▶ [Try it]:
Starting at the first line of the data, please print exactly those lines through the one that holds "在保證風、光項目合理收益率的", omitting every picture.

▶ [The data]:

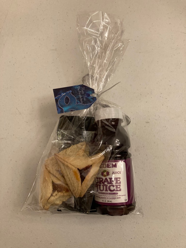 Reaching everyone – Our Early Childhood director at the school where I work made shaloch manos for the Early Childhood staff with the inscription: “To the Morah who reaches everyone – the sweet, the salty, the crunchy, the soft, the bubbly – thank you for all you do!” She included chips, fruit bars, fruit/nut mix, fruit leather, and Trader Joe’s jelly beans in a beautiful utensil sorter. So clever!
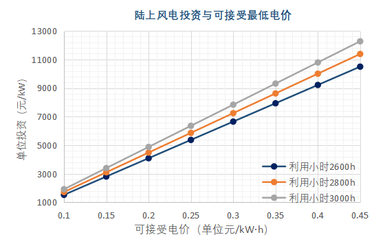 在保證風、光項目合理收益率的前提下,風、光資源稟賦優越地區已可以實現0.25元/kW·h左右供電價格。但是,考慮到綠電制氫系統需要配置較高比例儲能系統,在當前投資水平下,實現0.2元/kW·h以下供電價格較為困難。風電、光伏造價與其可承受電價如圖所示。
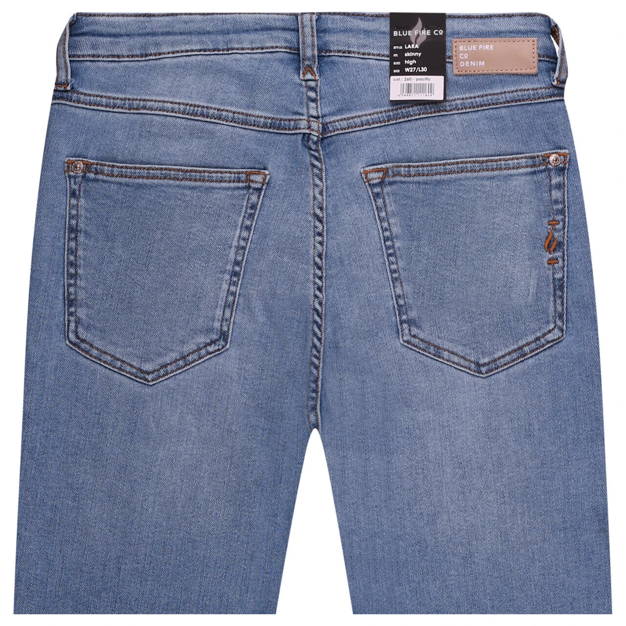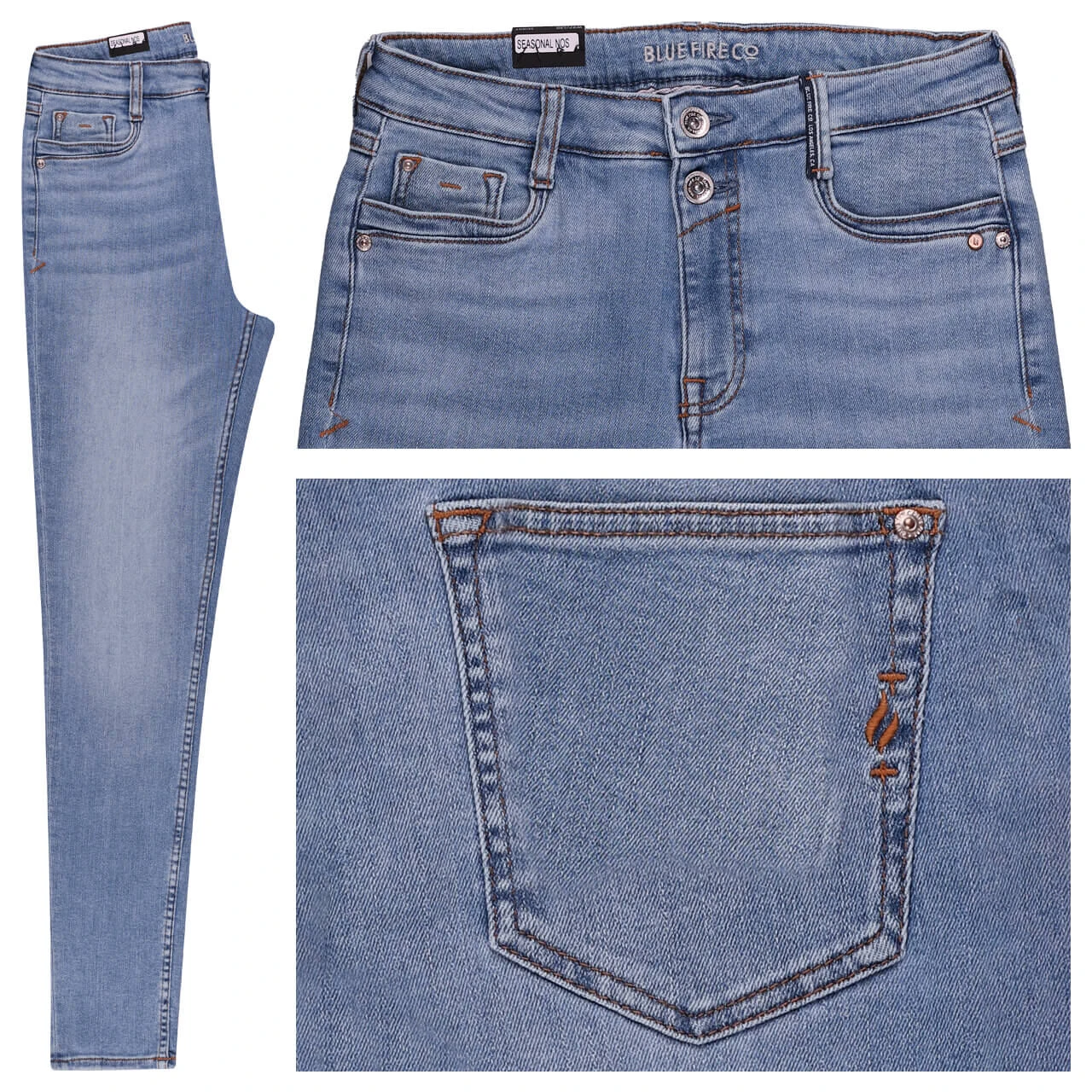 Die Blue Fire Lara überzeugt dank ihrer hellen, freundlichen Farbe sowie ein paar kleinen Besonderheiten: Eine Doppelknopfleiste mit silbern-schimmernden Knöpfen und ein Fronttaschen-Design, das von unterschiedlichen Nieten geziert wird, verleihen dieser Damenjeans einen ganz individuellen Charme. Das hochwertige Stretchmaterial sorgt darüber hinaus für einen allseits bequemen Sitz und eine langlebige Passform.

▶ [Answer section]:
 Reaching everyone – Our Early Childhood director at the school where I work made shaloch manos for the Early Childhood staff with the inscription: “To the Morah who reaches everyone – the sweet, the salty, the crunchy, the soft, the bubbly – thank you for all you do!” She included chips, fruit bars, fruit/nut mix, fruit leather, and Trader Joe’s jelly beans in a beautiful utensil sorter. So clever!
 在保證風、光項目合理收益率的前提下,風、光資源稟賦優越地區已可以實現0.25元/kW·h左右供電價格。但是,考慮到綠電制氫系統需要配置較高比例儲能系統,在當前投資水平下,實現0.2元/kW·h以下供電價格較為困難。風電、光伏造價與其可承受電價如圖所示。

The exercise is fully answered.